Assuming conn is a socket connection to the desired HTTP server
...
rawheaders = recvheaders(conn,end=CRLF)
headers = dict_headers(io.StringIO(rawheaders))
l_content = headers['Content-Length']
#okay. we've got content length by magic
buffersize = 4096
while True:
if l_content <= 0: break
data = clientSocket.recv(buffersize)
message += data
l_content -= len(data)
...
As you can see, we enter the loop already knowing the Content-Length as l_content
While we iterate we keep track of the remaining content by subtracting the length of clientSocket.recv(buff) from l_content.
When we've read at least as much data as l_content, we are done
if l_content <= 0: break
Frustration
Note: For some these next bits I'm gonna give psuedo code because the code can be a bit dense
So now you're asking, what is rawheaders = recvheaders(conn), what is headers = dict_headers(io.StringIO(rawheaders)),
and HOW did we get headers['Content-Length']?!
For starters, recvheaders. The HTTP/1.1 spec doesn't define a message suffix, but it does define something useful: a suffix for the http headers! And that suffix is CRLF aka \r\n.That means we know when we've recieved the headers when we read CRLF. So we can write a function like
def recvheaders(sock):
rawheaders = ''
until we read crlf:
rawheaders = sock.recv()
return rawheaders
Next, parsing the headers.
def dict_header(ioheaders:io.StringIO):
"""
parses an http response into the status-line and headers
"""
#here I expect ioheaders to be io.StringIO
#the status line is always the first line
status = ioheaders.readline().strip()
headers = {}
for line in ioheaders:
item = line.strip()
if not item:
break
//headers look like this
//'Header-Name' : 'Value'
item = item.split(':', 1)
if len(item) == 2:
key, value = item
headers[key] = value
return status, headers
Here we read the status line then we continue to iterate over every remaining line
and build [key,value] pairs from Header: Value with
item = line.strip()
item = item.split(':', 1)
# We do split(':',1) to avoid cases like
# 'Header' : 'foo:bar' -> ['Header','foo','bar']
# when we want ---------> ['Header','foo:bar']
then we take that list and add it to the headers dict
#unpacking
#key = item[0], value = item[1]
key, value = item
header[key] = value
BAM, we've created a map of headers
From there headers['Content-Length'] falls right out.
So,
This structure will work as long as you can guarantee that you will always recieve Content-Length
If you've made it this far WOW, thanks for taking the time and I hope this helped you out!
TLDR; if you want to know the length of an http message with sockets, write an http parser

Related

Telnet send command and then read response

This shouldn't be that complicated, but it seems that both the Ruby and Python Telnet libs have awkward APIs. Can anyone show me how to write a command to a Telnet host and then read the response into a string for some processing?
In my case "SEND" with a newline retrieves some temperature data on a device.
With Python I tried:
tn.write(b"SEND" + b"\r")
str = tn.read_eager()
which returns nothing.
In Ruby I tried:
tn.puts("SEND")
which should return something as well, the only thing I've gotten to work is:
tn.cmd("SEND") { |c| print c }
which you can't do much with c.
Am I missing something here?

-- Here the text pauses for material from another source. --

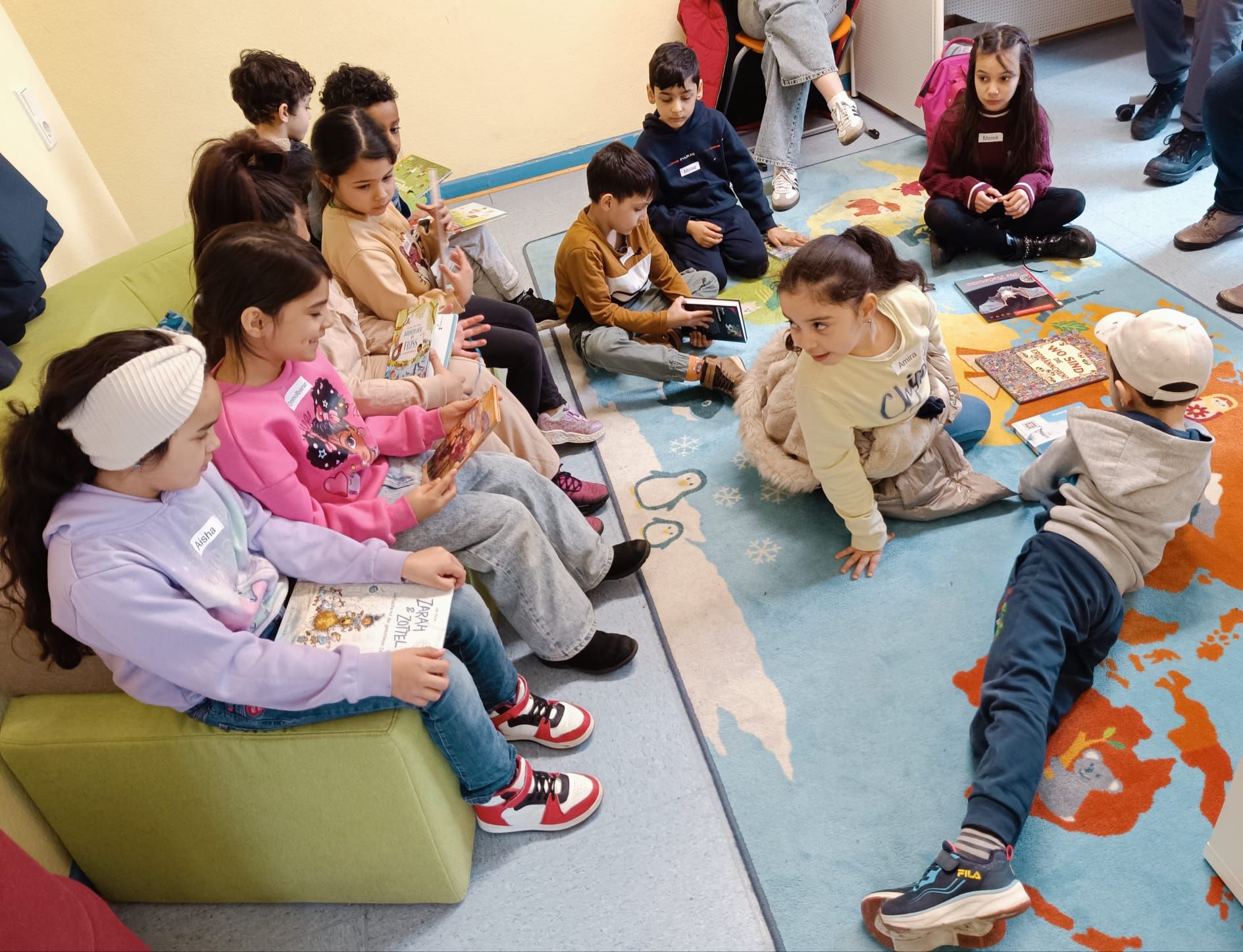 Am 14. Februar 2025 haben wir zum ersten Mal die Schulbücherei besucht. Uns wurde die Geschichte "Henri der Bücherdieb" von Emily MacKenzie vorgelesen. Anschließend haben wir zwischen den Büchern nach Lesezeichen gesucht und uns diese Bücher genauer angeschaut. Wir haben erfahren, dass es verschiedene Bücherarten gibt.

I was expecting something like the Socket library in Ruby with some code like:
s = TCPSocket.new 'localhost', 2000
while line = s.gets # Read lines from socket
puts line # and print them
end

I found out that if you don't supply a block to the cmd method, it will give you back the response (assuming the telnet is not asking you for anything else). You can send the commands all at once (but get all of the responses bundled together) or do multiple calls, but you would have to do nested block callbacks (I was not able to do it otherwise).
require 'net/telnet'
class Client
# Fetch weather forecast for NYC.
#
# #return [String]
def response
fetch_all_in_one_response
# fetch_multiple_responses
ensure
disconnect
end
private
# Do all the commands at once and return everything on one go.
#
# #return [String]
def fetch_all_in_one_response
client.cmd("\nNYC\nX\n")
end
# Do multiple calls to retrieve the final forecast.
#
# #return [String]
def fetch_multiple_responses
client.cmd("\r") do
client.cmd("NYC\r") do
client.cmd("X\r") do |forecast|
return forecast
end
end
end
end
# Connect to remote server.
#
# #return [Net::Telnet]
def client
#client ||= Net::Telnet.new(
'Host' => 'rainmaker.wunderground.com',
'Timeout' => false,
'Output_log' => File.open('output.log', 'w')
)
end
# Close connection to the remote server.
def disconnect
client.close
end
end
forecast = Client.new.response
puts forecast

Efficiently reading lines from compressed, chunked HTTP stream as they arrive

I've written a HTTP-Server that produces endless HTTP streams consisting of JSON-structured events. Similar to Twitter's streaming API. These events are separated by \n (according to Server-sent events with Content-Type:text/event-stream) and can vary in length.
The response is
chunked (HTTP 1.1 Transfer-Encoding:chunked) due to the endless stream
compressed (Content-Encoding: gzip) to save bandwidth.
I want to consume these lines in Python as soon as they arrive and as resource-efficient as possible, without reinventing the wheel.
As I'm currently using python-requests, do you know how to make it work?
If you think, python-requests cannot help here, I'm totally open for alternative frameworks/libraries.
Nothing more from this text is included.